И еще он говорил следующее:
- У меня в ходу какие-то даже бабьи грезы о разных подвижниках и богословах, в особенности о Григории Паламе, верном слуге церкви Христовой, и еще обязательно о том или ином полузабытом социалисте, верном сыне партии, припоминающемся мне впритык к великому исихасту. Возникает любопытный, по-своему волнующий образ странных пловцов, не правда ли? Пловцов, Бог весть куда плывущих бок о бок в окутанном туманом океане человеческого воображения. Это воображение знает порывы большого вдохновения и свои достижения, свои творения, хотя бы и призрачные, и, не исключено, именно оно в минуты агонии и прощания с этим миром погрезится мне вместо картин, навеянных воспоминаниями о действительно пережитом.
- Опять мне сегодня достанется, - сказал он затем без малейшего сострадания к своей будущей боли, когда мы, все в том же тихом и пустынном уголке парка, освежили мозги новыми глотками живительной влаги. Восторженно внимал он тому, как я вновь наполняю стакан.
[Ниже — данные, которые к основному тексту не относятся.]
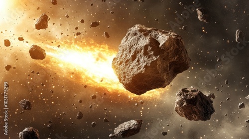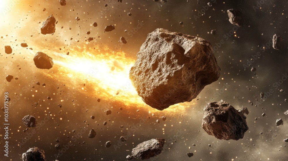 The watermark will not be included on Wall mural.: 3d spacecraft navigating through asteroid field

Кучерявый Ниткин забавно смотрится в своих засаленных брючках, он в несвежей рубашке, рукава которой очевидно коротки для него. Стакан же я наполнял я вновь и вновь, нет нужды повторять это, нужно только понимать, что набирались мы активно и основательно. Мне известно, что почти весь свой заработок Ниткин приносит жене, с видом человека, который сделал все, что он мог. Это, видимо, трогательные минуты. Протягивает он супруге скомканные рубли, усиленно показывая, что на свои кровные, честно заработанные выпил лишь чуть-чуть, едва пригубил, его траты на выпивку - не в счет. Вообще, его несостоятельность в этом отношении так и бросается в глаза. Он не в состоянии угостить друзей, как ему того ни хочется, - он все отдает жене, вполне, разумеется, сознавая, как мало этот самоотверженный жест возмещает все сделанное ею для него. А если поморщится его любимая женщина? Предположим, состроит она недовольную гримаску: что это, мол, за деньги! Несчастный Ниткин, конечно же, с готовой уже болью схватится за голову, громко причитая: я не виноват! Господи! нас обманули, нас унизили и обездолили, нам бросают кость, чтоб мы не сдохли с голоду! будь проклята эта демократия! это демократия? это воровство! у нас украли счастье и будущее!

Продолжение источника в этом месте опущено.